Shield large-gradient tunnel portal grinding construction method

Technical Field

The invention relates to the field of underground engineering, in particular to a shield large-gradient tunnel portal grinding construction method.

Background

In the construction process of urban subway interval tunnels and urban pipe galleries, after a tunnel portal is basically broken, the shield machine starts according to a 'head-up' shield posture to prevent a shield body from integrally entering a soil body on a starting bracket and being incapable of adjusting the shield posture to cause a shield 'head buckling', and the design axis of the tunnel generally starts a gentle slope with the receiving end being 2 per mill.

The water conservancy, electric power and oil supply tunnel is a large-gradient tunnel, the tunnel is not used for a general vehicle, the design gradient of the tunnel reaches 45 per thousand, and the design gradient of an individual tunnel reaches 50 per thousand

And (5) shield climbing limit.
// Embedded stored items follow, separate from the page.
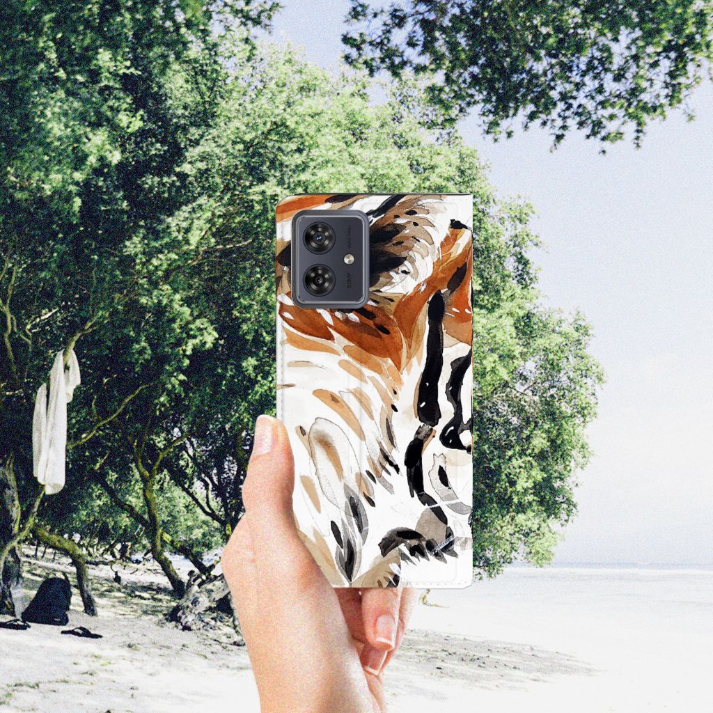 Omdat we tijgers zo bijzonder vinden, hebben we besloten deze voor zeer lage kosten voor jou op een Motorola Moto G54 Bookcase te zetten. Dit kunnen we goedkoop doen omdat we het drukwerk in eigen beheer doen. De tijger staat geschilderd op de stand case tegen een grijs met wit geblokte achtergrond. De Watercolor Tiger kunnen we bedrukken op verschillende soorten hoesjes, zoals deze stand cases. Het hoesje met geschilderde tijger tegen grijs met witte achtergrond is van PU-leer (buitenzijde) en TPU (binnenzijde) en beschikt een houder voor bijvoorbeeld je bankpas. Verder is de stand case met geschilderde tijger voorzien van een magnetische sluiting aan de binnenzijde. Jij zorgt voor de perfecte bescherming van je smartphone met dit stand hoesje met geschilderde tijger tegen een grijs met witte achtergrond.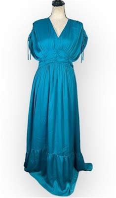 French Connection Audrey Dress Women's 6 Blue Satin Maxi V-Neck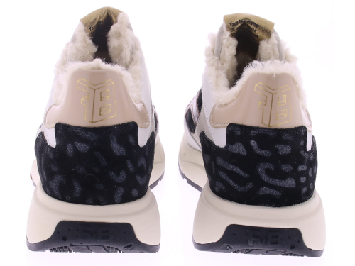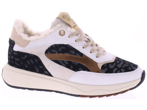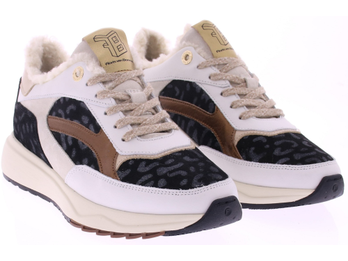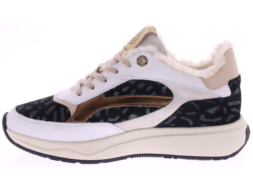 Wit leer met zwart bewerkt suède damessneaker van Floris van Bommel. Model Suvi 02.10. Deze sneaker is uitgevoerd in de kleur wit met zwarte vlakken in bewerkt suede, met in de schoen een klein bontrandje. De sneaker heeft een lichtgewicht zool met een slijtvast TPU loopvlak die niet alleen zorgt voor een trendy uitstraling, maar ook voor goede grip en stabiliteit tijdens het dragen. Het voetbed van de sneaker is uitneembaar, waardoor je de mogelijkheid hebt om je eigen inlegzolen te gebruiken. De breedte van de schoen is G.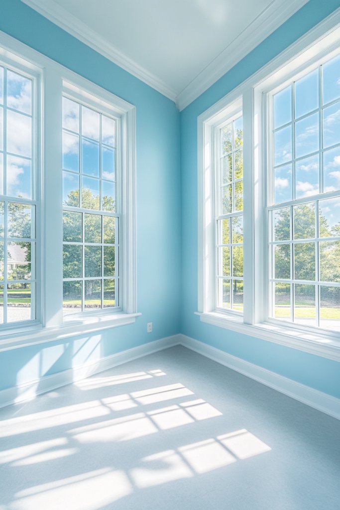 Picture walls painted in a delicate, powdery blue that mimics a clear sky at dawn. The soft hue evokes feelings of calm and openness, making the space feel larger and more inviting. Light-colored furnishings and airy curtains complement the soothing backdrop, while subtle textures add depth without overwhelming.

The tunnel portal is broken and is broken after the shield is started, but the tunnel portal is broken and is broken for a long time, and the risk is large in the breaking process. Referring to fig. 2, fig. 2 shows a construction state diagram corresponding to the shield straight line tunnel portal grinding starting construction method, in the starting well 5, a central line 1 of a shield machine 3 is overlapped with the center of a tunnel portal and is placed on a horizontally placed starting bracket 2, the shield machine 3 directly grinds the tunnel portal for starting, the shield machine 3 can not perform posture adjustment on the starting bracket 2 until the shield machine 3 integrally enters a soil body, the posture adjustment is performed, an actual central axis 6 of the shield machine at least deviates from a height h of a design axis 4 by about 457mm and exceeds a construction specification allowable range, a design line type requirement is not met, finally, the design line type needs to be adjusted, manpower, material resources and financial resources are consumed, and the influence is great.
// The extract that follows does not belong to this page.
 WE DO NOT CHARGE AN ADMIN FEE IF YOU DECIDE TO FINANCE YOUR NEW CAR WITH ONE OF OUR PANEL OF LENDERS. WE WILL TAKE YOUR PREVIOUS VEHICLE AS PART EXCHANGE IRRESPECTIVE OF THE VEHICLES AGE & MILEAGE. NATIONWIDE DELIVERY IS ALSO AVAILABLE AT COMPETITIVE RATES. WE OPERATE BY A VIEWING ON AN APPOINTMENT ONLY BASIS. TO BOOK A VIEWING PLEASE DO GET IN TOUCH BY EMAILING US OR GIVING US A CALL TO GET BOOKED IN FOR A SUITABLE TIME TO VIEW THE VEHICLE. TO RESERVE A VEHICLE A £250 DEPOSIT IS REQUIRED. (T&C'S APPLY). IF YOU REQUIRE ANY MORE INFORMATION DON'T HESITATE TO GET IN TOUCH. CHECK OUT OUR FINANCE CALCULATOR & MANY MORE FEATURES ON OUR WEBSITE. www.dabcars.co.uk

Therefore, it is highly desirable to provide a method for constructing a tunnel portal by using a shield with a steep slope, which can start a shield in a stable downhill with a steep slope, control the posture of the shield within a design allowable error range, correct the shield posture after the shield integrally enters the soil body to make the shield approach the design axis, shorten the length of the designed line and the construction period, and save the cost.

Disclosure of Invention

The invention aims to provide a construction method for a shield large-gradient tunnel portal grinding, which enables a shield to start in a stable downhill with large gradient, ensures that the shield posture is close to a design axis, shortens the length of a design line and the construction period and saves the cost.
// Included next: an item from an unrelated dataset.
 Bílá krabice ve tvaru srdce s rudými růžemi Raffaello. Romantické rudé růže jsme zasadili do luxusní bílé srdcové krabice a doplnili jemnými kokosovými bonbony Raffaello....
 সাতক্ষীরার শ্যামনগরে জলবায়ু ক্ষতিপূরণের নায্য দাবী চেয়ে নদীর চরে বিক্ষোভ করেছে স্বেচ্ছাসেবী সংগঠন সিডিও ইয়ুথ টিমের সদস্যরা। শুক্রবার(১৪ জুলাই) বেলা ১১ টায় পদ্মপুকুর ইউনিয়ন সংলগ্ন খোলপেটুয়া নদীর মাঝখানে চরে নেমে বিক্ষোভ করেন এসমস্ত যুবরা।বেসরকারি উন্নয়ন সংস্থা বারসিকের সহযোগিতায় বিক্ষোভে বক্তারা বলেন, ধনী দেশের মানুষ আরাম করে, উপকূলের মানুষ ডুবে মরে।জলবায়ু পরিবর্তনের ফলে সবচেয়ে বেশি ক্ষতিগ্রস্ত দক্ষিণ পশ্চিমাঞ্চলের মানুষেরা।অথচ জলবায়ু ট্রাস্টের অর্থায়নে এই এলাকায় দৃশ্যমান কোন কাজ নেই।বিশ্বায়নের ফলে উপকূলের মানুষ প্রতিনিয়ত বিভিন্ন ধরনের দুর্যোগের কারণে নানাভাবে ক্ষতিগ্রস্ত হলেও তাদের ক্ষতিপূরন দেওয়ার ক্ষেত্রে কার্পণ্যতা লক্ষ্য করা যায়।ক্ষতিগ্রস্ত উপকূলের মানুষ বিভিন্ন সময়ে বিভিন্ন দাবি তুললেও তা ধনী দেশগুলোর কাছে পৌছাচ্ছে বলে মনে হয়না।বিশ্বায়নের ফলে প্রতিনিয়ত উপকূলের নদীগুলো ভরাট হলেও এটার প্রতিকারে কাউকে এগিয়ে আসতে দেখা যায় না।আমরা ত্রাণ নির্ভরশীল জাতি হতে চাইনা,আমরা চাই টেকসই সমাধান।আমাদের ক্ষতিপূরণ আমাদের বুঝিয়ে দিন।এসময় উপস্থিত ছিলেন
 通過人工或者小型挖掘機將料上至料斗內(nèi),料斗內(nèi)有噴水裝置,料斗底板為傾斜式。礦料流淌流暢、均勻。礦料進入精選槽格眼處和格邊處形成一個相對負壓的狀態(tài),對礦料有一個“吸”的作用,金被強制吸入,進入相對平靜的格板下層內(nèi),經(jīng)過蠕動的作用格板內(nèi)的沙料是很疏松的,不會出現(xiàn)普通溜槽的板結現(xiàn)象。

The technical scheme for realizing the purpose is as follows:

the invention provides a construction method for a shield large-gradient tunnel portal grinding, which comprises the following steps:

according to the design gradient of the tunnel, the starting gradient of the shield is set, and the starting gradient of the shield is not greater than the design gradient of the tunnel;

lowering a tunnel portal area during tunnel portal construction according to the shield starting gradient, and enabling a shield machine after slope relief to cut and penetrate through the tunnel portal area, wherein the tunnel portal area is provided with glass fiber ribs and pre-buried tunnel portal steel rings;

placing an originating bracket, a reaction frame and a reaction frame support according to the shield originating gradient in an originating well;

placing the shield tunneling machine on the starting bracket, actually measuring the position relation between the actual gradient of the shield tunneling machine and the designed gradient of the tunnel, and simulating that the length from the bottom of the cutterhead to the tunnel face is L1 when the cutter at the top of the cutterhead contacts the tunnel face;

optimizing tunneling parameters, and when calculating the distance L2 from the top of the cutter head to the highest point of the tunnel face, rotating the cutter head in advance, wherein the control ranges of the rotating speed and the propelling speed of the cutter head ensure that a propelling oil cylinder is uniformly stressed and the shield attitude is stabilized, and the cutter head cuts the tunnel face at the rotating speed and the propelling speed;

after the shield tunneling machine forwards pushes L1, the cutter head integrally contacts the tunnel face, and the shield tunneling machine starts downhill on the starting bracket in a large gradient mode according to normal starting pushing.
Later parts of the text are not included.